Does colocation matter anymore? Measuring agile teams performance post-COVID-19 lockdown
Delivery Lead, BJSS Bristol
Following the UK Government announcement of enforced lockdown measures on 23rd March 2020, our software delivery teams at BJSS Bristol immediately switched to remote working practices.
As our current leader on project delivery and a long-time advocate of agile philosophies and methodologies (where colocated working is a key tenement to delivery success), I have been keenly monitoring our teams performance for fear of slippage and missed milestones. So far, the results have been a welcome surprise.
Focusing on the velocity reporting of 8 of our teams from the beginning of February to the first week of May, some clear trends have emerged. Looking at the period right after lockdown measures were introduced, 6 of the teams had an immediate, significant hike in delivery. Other positive statistics include:
- 7 of the 8 teams have reported their most successful sprint to date during lockdown
- 6 of the 8 teams have had an increased average velocity in the past 5 weeks during lockdown, compared to the previous 5 weeks prior to lockdown
So why does delivery seem to have improved despite the lack of colocated activities? There’s a multitude of possible theories and reasons for this, which I’ve grouped into four areas:
Increased capacity — Obviously commuting is no longer required for our teams to work, plus most employees have been forced to cancel or reduce holidays due to travel restrictions. We’ve thankfully also seen less sickness. When you combine all of these, we’ve simply had more availability of our staff on projects.
Rising to the occasion — As many of our staff already enjoyed the benefits of occasional working from home, we challenged them as we transitioned to demonstrate that delivery would not slip. This is potentially the main reason for the immediate lockdown hike. Additionally, in these challenging economic times, when many companies are struggling, not to mention the heroics being performed by people on the front line, delivering on our commitments is relatively straightforward in comparison.
Digitally prepared — Our core business is delivering software from our project centres and whilst we visit most of our clients on a weekly basis, the lion’s share of what we produce already had an element of remoteness to it. Being able to work on platforms, environments and codebases from our offices is a prerequisite to starting projects and we are very fortunate we only had to move this one step further to our own homes. Add to that the plethora of wonderful collaborative tools in our armoury — Zoom, Slack, Teams, Drive, Trello, JIRA, Miro, Mural, Jamboard…etc. In short, we were ready to collaborate in distributed locations.

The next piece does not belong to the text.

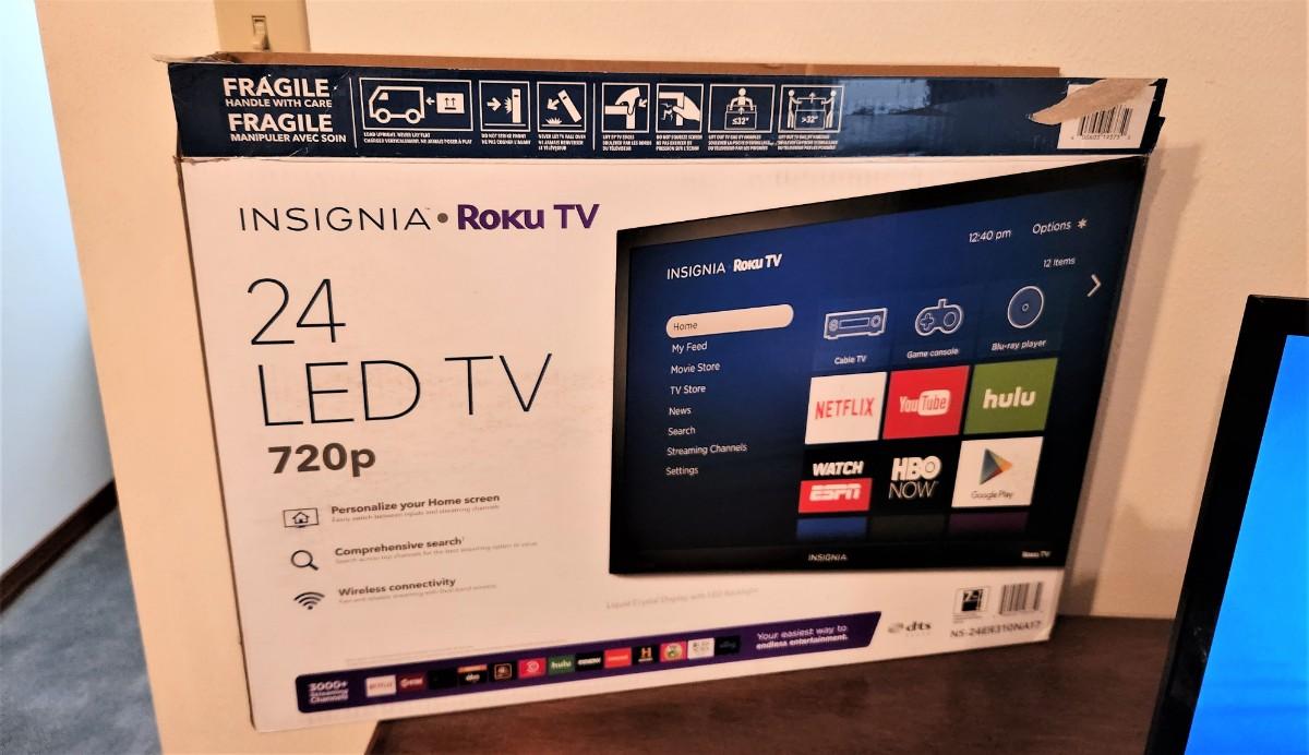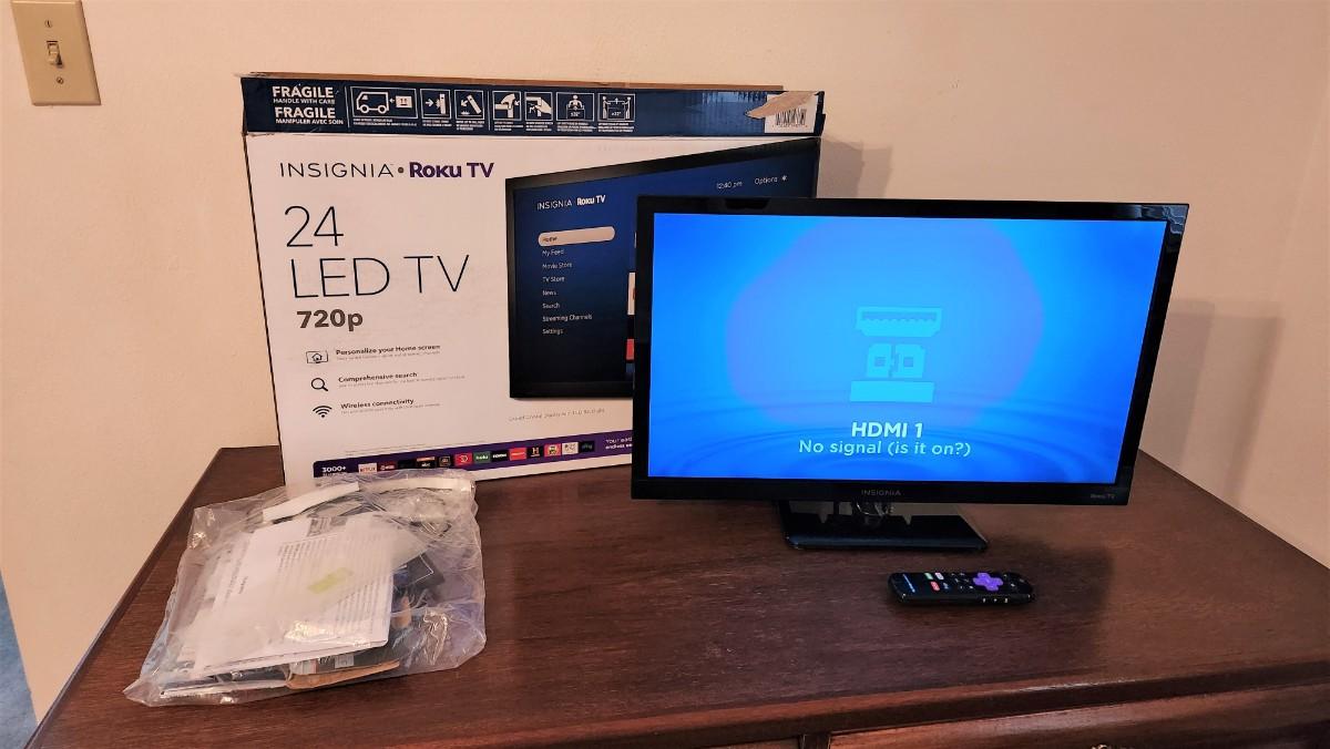 We took this out of the box - seems to have never been used - has book, remote, cords, etc. Insignia 24" Roku tv - good working condition. Model NS-24ER310NA17

Individual gains — Following a series of ‘Ways of Working from Home’ retrospectives, the overwhelming feedback from our engineers was that they were able to remain more focused on their work, due to a lack of distractions (ping pong anyone?) and most were able to work in a quieter environment than the office, which can be befitting to the complexity of programming tasks. (If you are someone who misses that office ambience, be sure to checkout https://imisstheoffice.eu/ for some light relief). Furthermore, having something to focus on in these anxiety-inducing times is a welcome distraction to many.
For all the positives we have seen, there are clearly many downsides with remote working, many that are harder to measure like how you build effective relationships and improve communication. Thankfully, most of our teams were already in ‘norming’ or ‘storming’ group phases and projects were well underway. When we start a new engagement, we will have a fresh set of challenges, not only around delivery but how we complete design and analysis tasks that are generally performed on location with our clients. We will also be closely monitoring our current engagements to see if the current trends continue.

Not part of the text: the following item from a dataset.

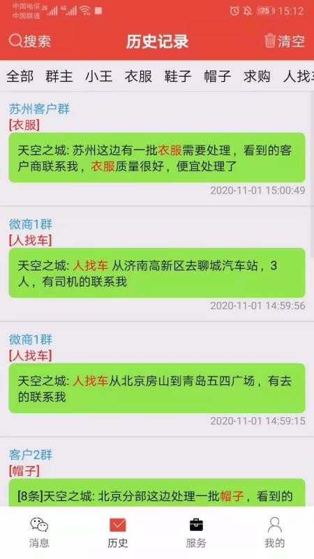 5、历史记录,每一次的关键词提醒都为用户进行了记录,用户能随时快速查看;

Post lockdown, when offices are reopened, especially if some distancing measures remain in place, it’s likely a hybrid model will emerge, where entire teams converge in the office on the same days of the week, particularly when planning and whiteboarding activities are needed. Remote working will form an equal part of the week, empowering workers by entrusting them to deliver, whilst allowing them the additional time, focus and benefits of being at home. Even for those who prefer to be in the office environment, team meetings will be on collaborative communication channels to ensure everyone has the same experience.
What have been your experiences on delivery before and after lockdown? Will there be a lasting impact on how we produce software? What new movements can we expect to emerge?